Data to use »

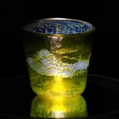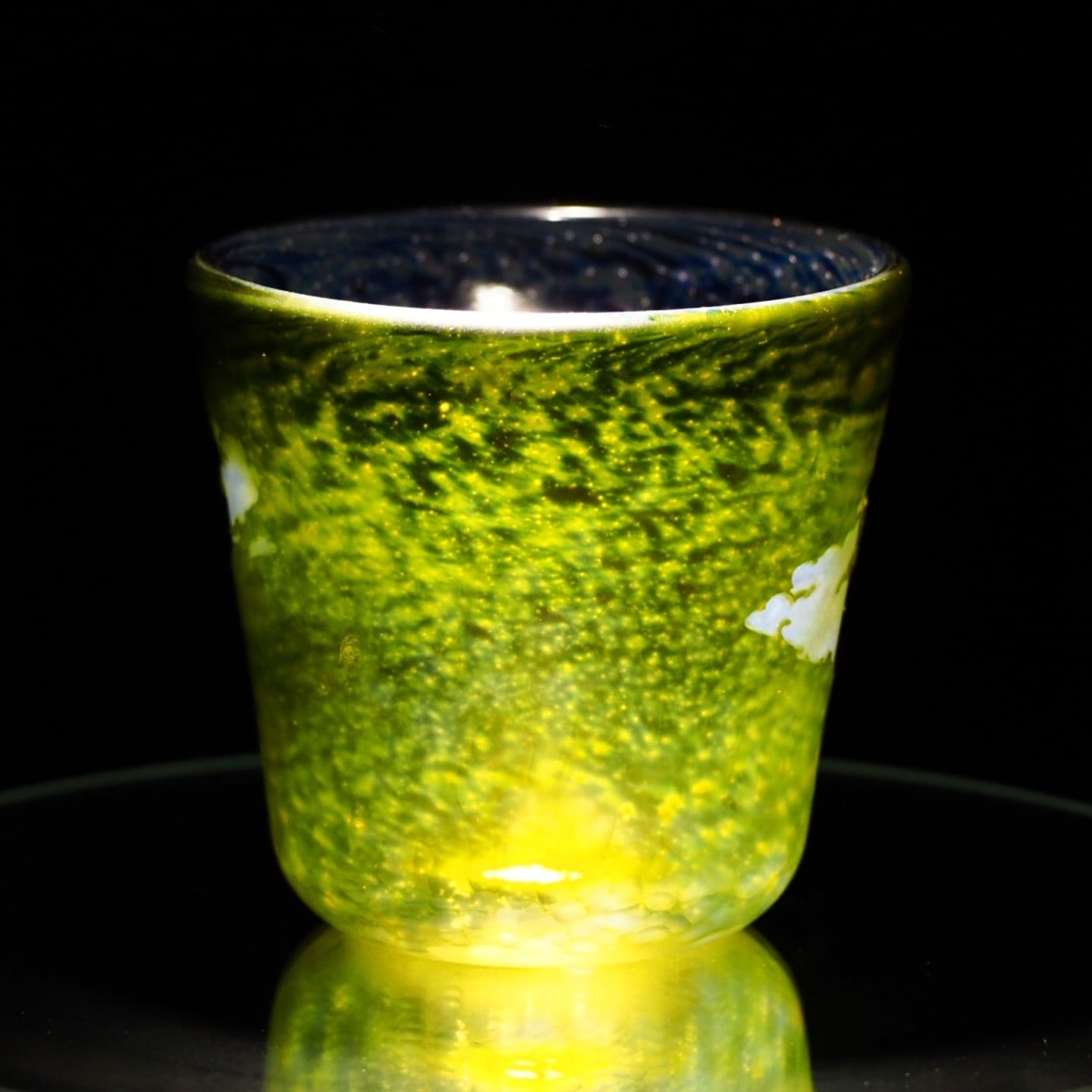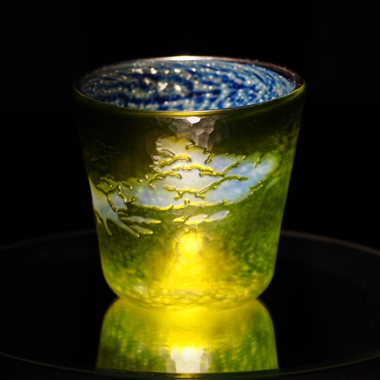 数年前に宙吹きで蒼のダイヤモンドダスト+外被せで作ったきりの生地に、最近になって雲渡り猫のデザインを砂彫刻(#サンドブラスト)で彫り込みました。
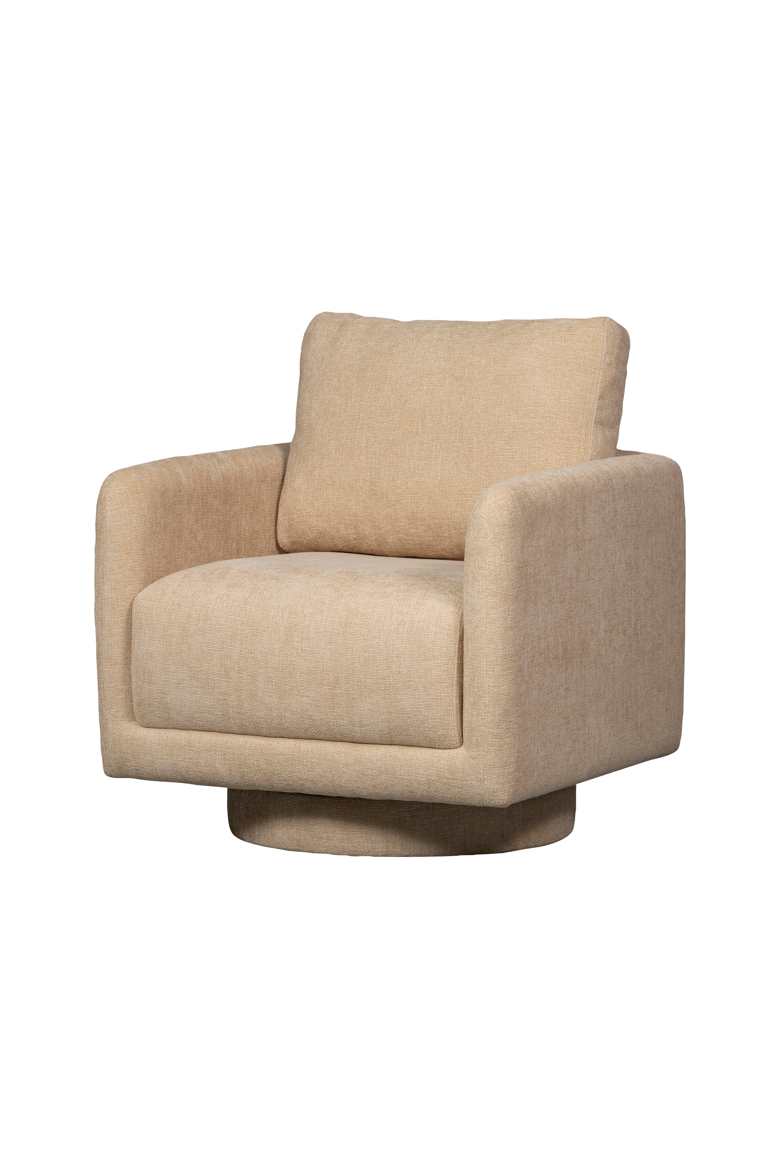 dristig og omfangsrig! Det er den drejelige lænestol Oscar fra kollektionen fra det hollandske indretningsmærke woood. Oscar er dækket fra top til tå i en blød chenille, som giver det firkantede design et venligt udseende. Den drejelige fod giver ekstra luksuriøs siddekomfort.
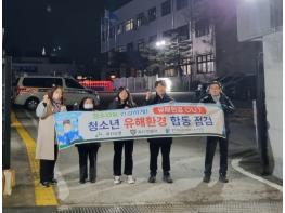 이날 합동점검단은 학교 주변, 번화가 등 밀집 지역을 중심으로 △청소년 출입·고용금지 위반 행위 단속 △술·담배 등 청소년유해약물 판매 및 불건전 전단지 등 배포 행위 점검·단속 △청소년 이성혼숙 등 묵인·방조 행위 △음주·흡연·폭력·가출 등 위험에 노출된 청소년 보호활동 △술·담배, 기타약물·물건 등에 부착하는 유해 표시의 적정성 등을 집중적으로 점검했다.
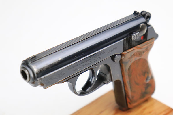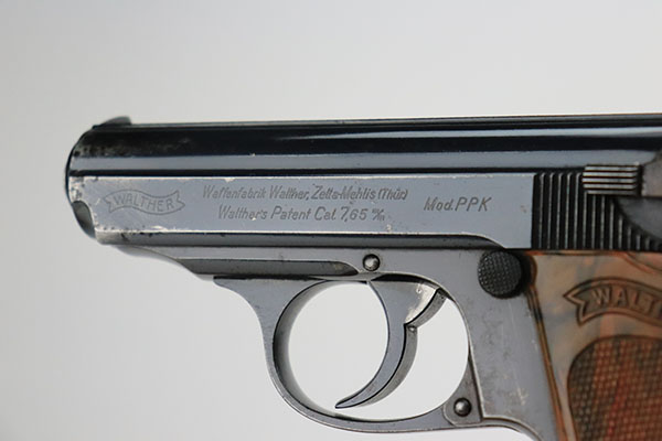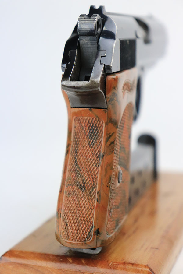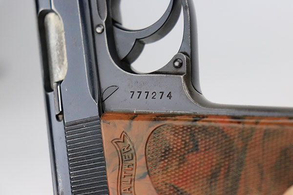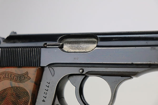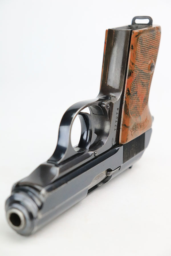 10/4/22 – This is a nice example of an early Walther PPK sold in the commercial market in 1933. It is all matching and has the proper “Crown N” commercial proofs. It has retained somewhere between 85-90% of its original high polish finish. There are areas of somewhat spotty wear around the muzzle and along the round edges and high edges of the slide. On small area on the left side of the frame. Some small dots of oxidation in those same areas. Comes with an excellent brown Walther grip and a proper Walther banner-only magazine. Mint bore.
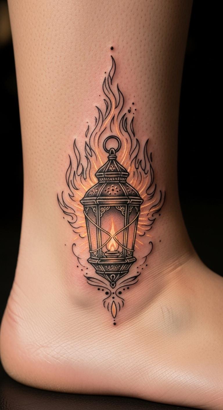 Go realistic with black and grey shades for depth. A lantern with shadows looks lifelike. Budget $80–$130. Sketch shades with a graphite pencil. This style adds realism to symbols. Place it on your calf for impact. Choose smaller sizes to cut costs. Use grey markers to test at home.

Exercise brief » From the first line of the records through the line with "10/4/22 – This", reproduce each line exactly and leave the pictures out.

Solved problem »
 数年前に宙吹きで蒼のダイヤモンドダスト+外被せで作ったきりの生地に、最近になって雲渡り猫のデザインを砂彫刻(#サンドブラスト)で彫り込みました。
 dristig og omfangsrig! Det er den drejelige lænestol Oscar fra kollektionen fra det hollandske indretningsmærke woood. Oscar er dækket fra top til tå i en blød chenille, som giver det firkantede design et venligt udseende. Den drejelige fod giver ekstra luksuriøs siddekomfort.
 이날 합동점검단은 학교 주변, 번화가 등 밀집 지역을 중심으로 △청소년 출입·고용금지 위반 행위 단속 △술·담배 등 청소년유해약물 판매 및 불건전 전단지 등 배포 행위 점검·단속 △청소년 이성혼숙 등 묵인·방조 행위 △음주·흡연·폭력·가출 등 위험에 노출된 청소년 보호활동 △술·담배, 기타약물·물건 등에 부착하는 유해 표시의 적정성 등을 집중적으로 점검했다.
 10/4/22 – This is a nice example of an early Walther PPK sold in the commercial market in 1933. It is all matching and has the proper “Crown N” commercial proofs. It has retained somewhere between 85-90% of its original high polish finish. There are areas of somewhat spotty wear around the muzzle and along the round edges and high edges of the slide. On small area on the left side of the frame. Some small dots of oxidation in those same areas. Comes with an excellent brown Walther grip and a proper Walther banner-only magazine. Mint bore.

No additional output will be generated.